### Problem requirements
Whatever comes before the line containing "園路の左右には盆栽棚がありま" stays out; transcribe that line and all that follow to the end of the records exactly, with no pictures.

### Entries supplied
┌──

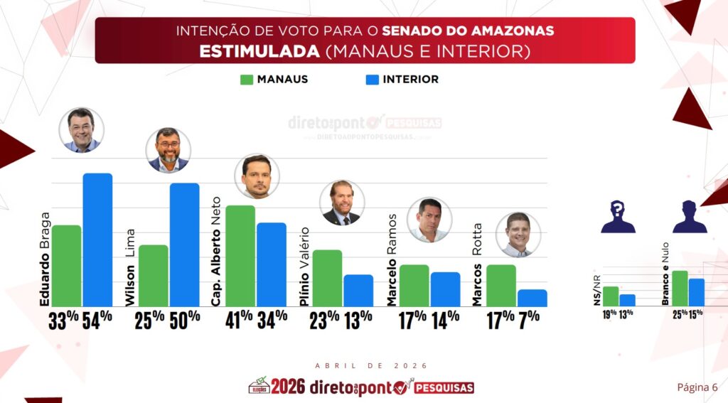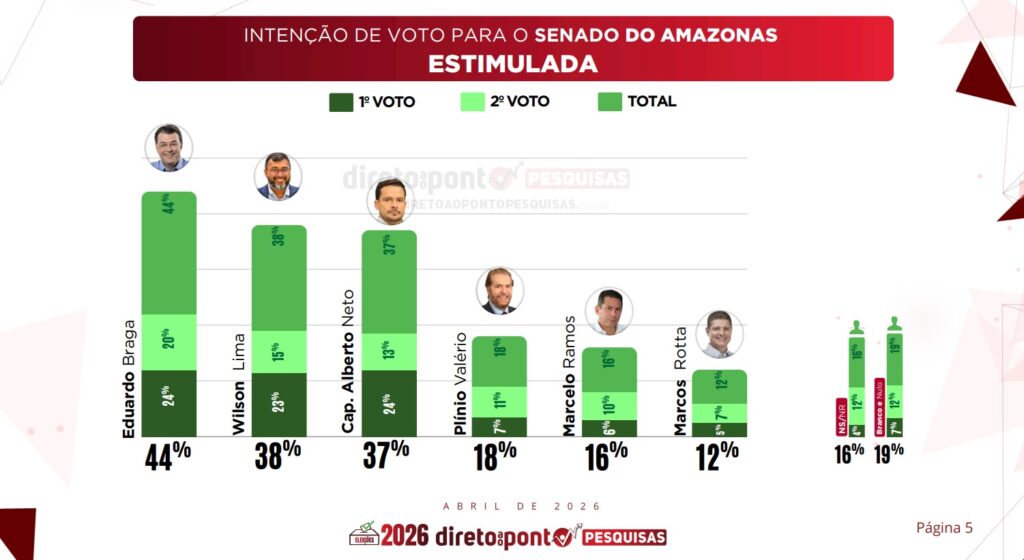A primeira pesquisa de intenção de votos para o Senado em 2026, divulgada pela Direto ao Ponto Pesquisas, nesta terça-feira (29), aponta Eduardo Braga e Wilson Lima como líderes na corrida pelas duas vagas em disputa no Amazonas. Capitão Alberto Neto surge em terceiro lugar em um levantamento que testou seis possíveis candidatos.
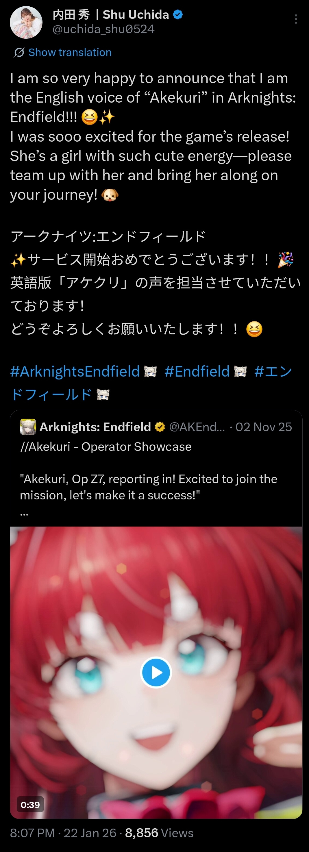 >【ゲスト:小林愛香さん】葉山風花誕生日配信〜もうタルトなんて作らない。SP〜(2026年1月20日放送)https://www.bilibili.com/video/BV11DkJBMEob/
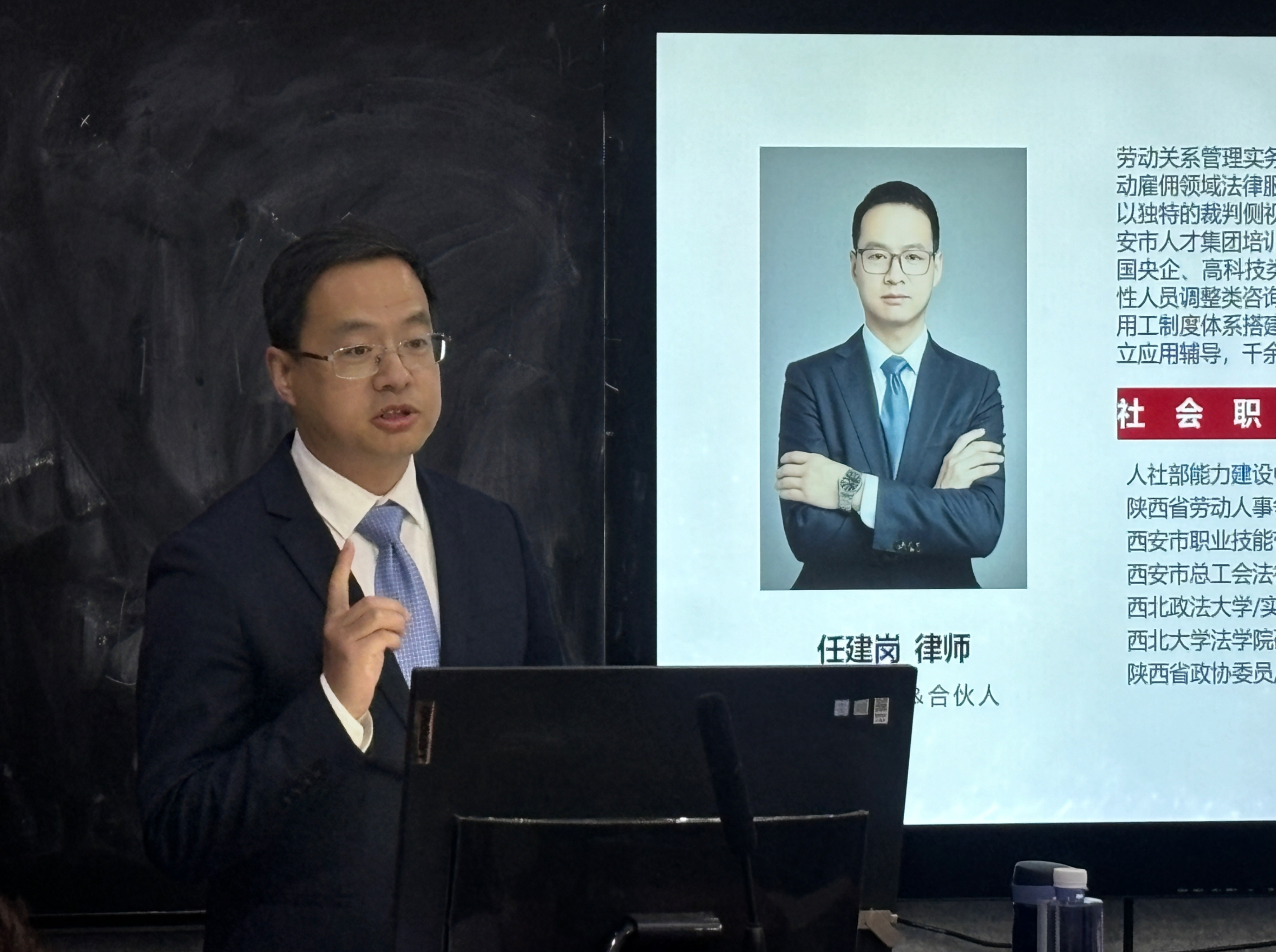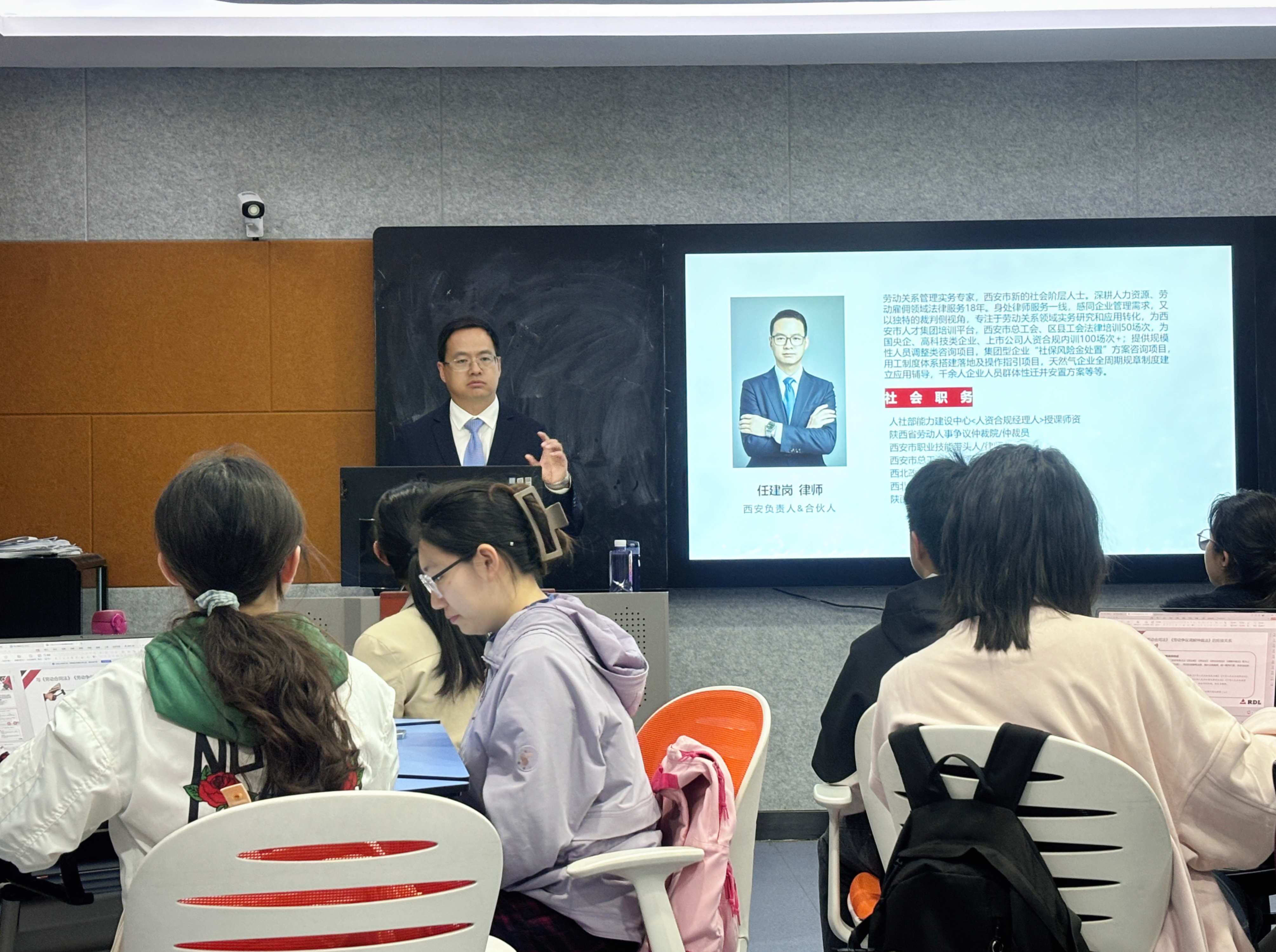 2026年4月8日晚,上海江三角(西安)律师事务所合伙人、陕西省劳动人事争议仲裁院仲裁员、我校实务导师、劳动法资深律师任建岗,为第36期劳动法诊所学员作《新规新政背景下劳动法十大实务问题应用探究》专题讲座。讲座由诊所负责人高瑾老师主持。
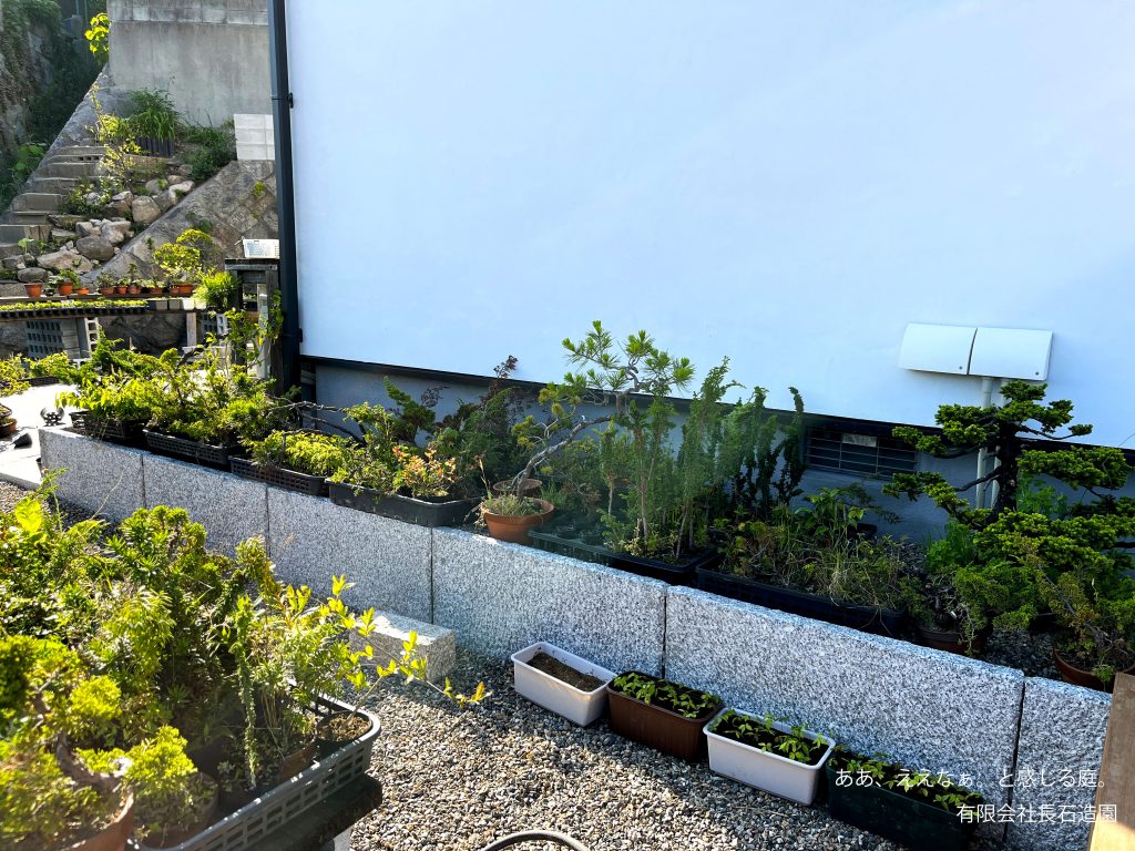 園路の左右には盆栽棚があります。こちらは施主様の方で材料支給があったり、昔から使われていたものだったりの物を使用し飾られています。
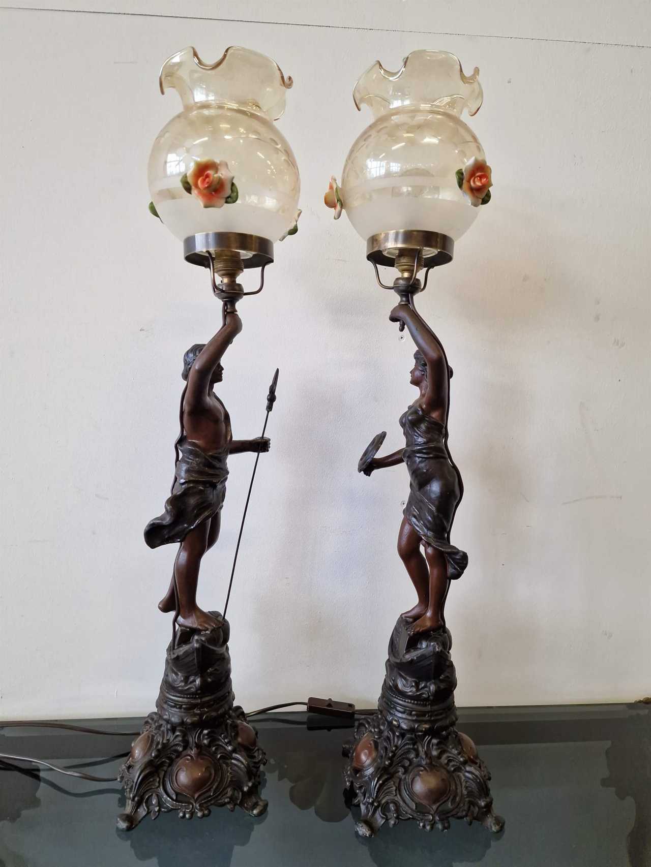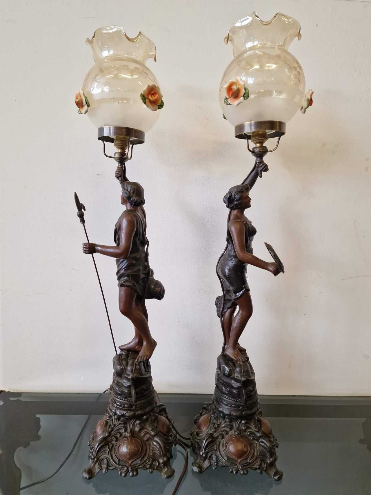 Paire de lampes de table Métal Art Nouveau Early 20th century
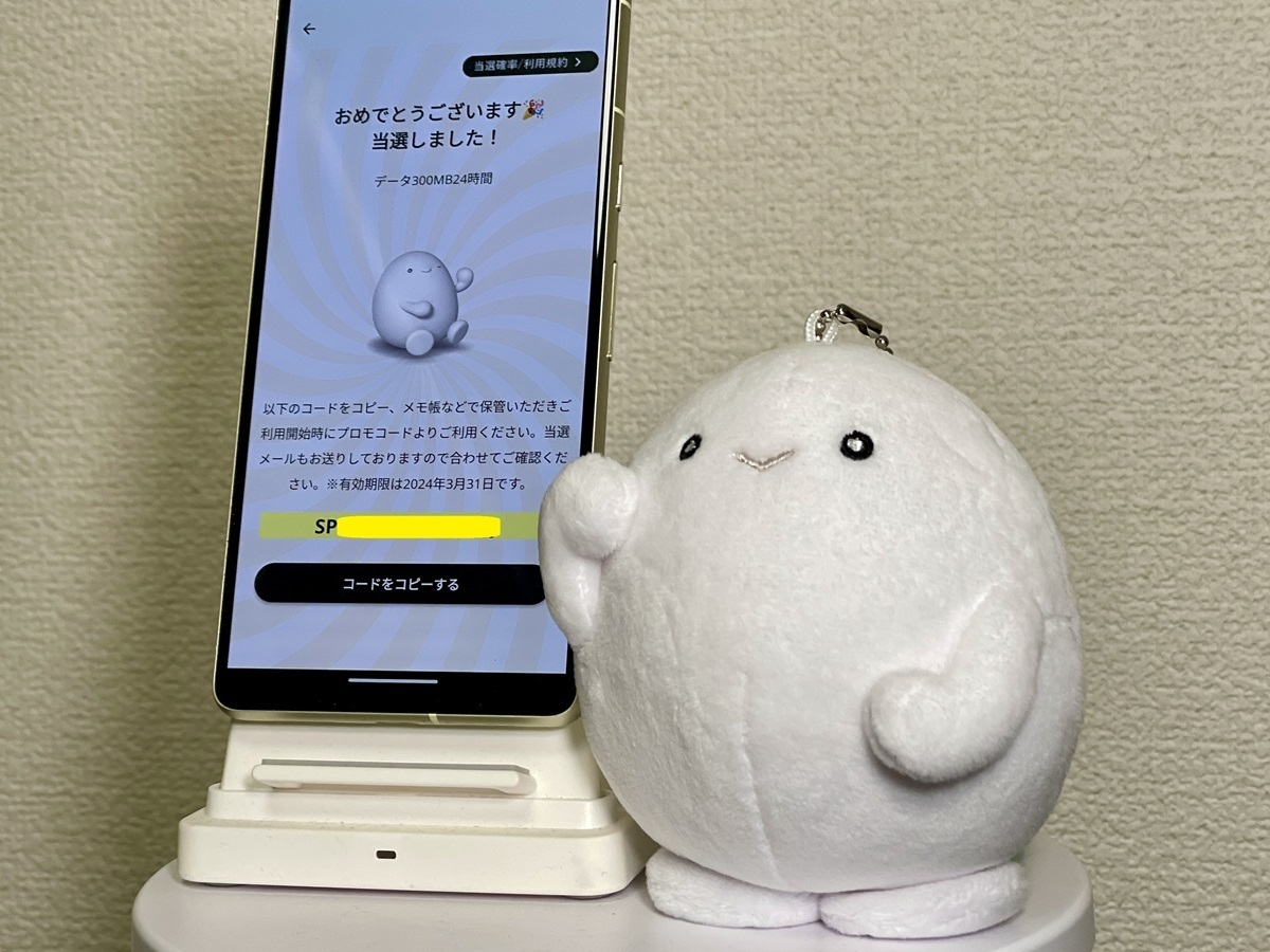 トップ > 写真投稿 > 無料で挑戦!povoルーレット 回したよ! たかやす 2024/02/14 19:27 無料で挑戦!povoルーレット 回したよ! 対象者限定のpovoルーレット、夕方にさんぽしてたらメールが来ました。 結果は3等:データボーナス300MB(24時間)です~。 povo2.0を3回線所有しているので、もう一回挑戦できるかなw 3等でも、めっちゃ嬉しいです。ありがとうございました。 povoルーレット いいね 共有する 共有する X facebook LINE リンクをコピー コメントする 0 件の返信 (新着順)
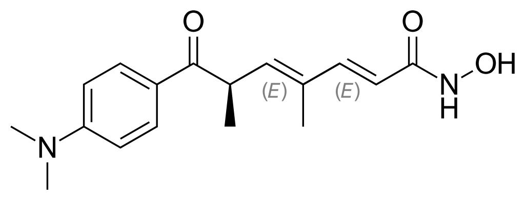 Keywords: Trichostatin A.svg validSVG Skeletal formula of trichostatin A Created using http //www acdlabs com/download/chemsk html ACD/ChemSketch 10 0 and Inkscape Own work after ChEBI http //www ebi ac uk/chebi/searchId do chebiId CHEBI 46024 46024 2008-09-17 Fvasconcellos valid svg Trichostatin A |

└──

### Answer space
 園路の左右には盆栽棚があります。こちらは施主様の方で材料支給があったり、昔から使われていたものだったりの物を使用し飾られています。
 Paire de lampes de table Métal Art Nouveau Early 20th century
 トップ > 写真投稿 > 無料で挑戦!povoルーレット 回したよ! たかやす 2024/02/14 19:27 無料で挑戦!povoルーレット 回したよ! 対象者限定のpovoルーレット、夕方にさんぽしてたらメールが来ました。 結果は3等:データボーナス300MB(24時間)です~。 povo2.0を3回線所有しているので、もう一回挑戦できるかなw 3等でも、めっちゃ嬉しいです。ありがとうございました。 povoルーレット いいね 共有する 共有する X facebook LINE リンクをコピー コメントする 0 件の返信 (新着順)
 Keywords: Trichostatin A.svg validSVG Skeletal formula of trichostatin A Created using http //www acdlabs com/download/chemsk html ACD/ChemSketch 10 0 and Inkscape Own work after ChEBI http //www ebi ac uk/chebi/searchId do chebiId CHEBI 46024 46024 2008-09-17 Fvasconcellos valid svg Trichostatin A |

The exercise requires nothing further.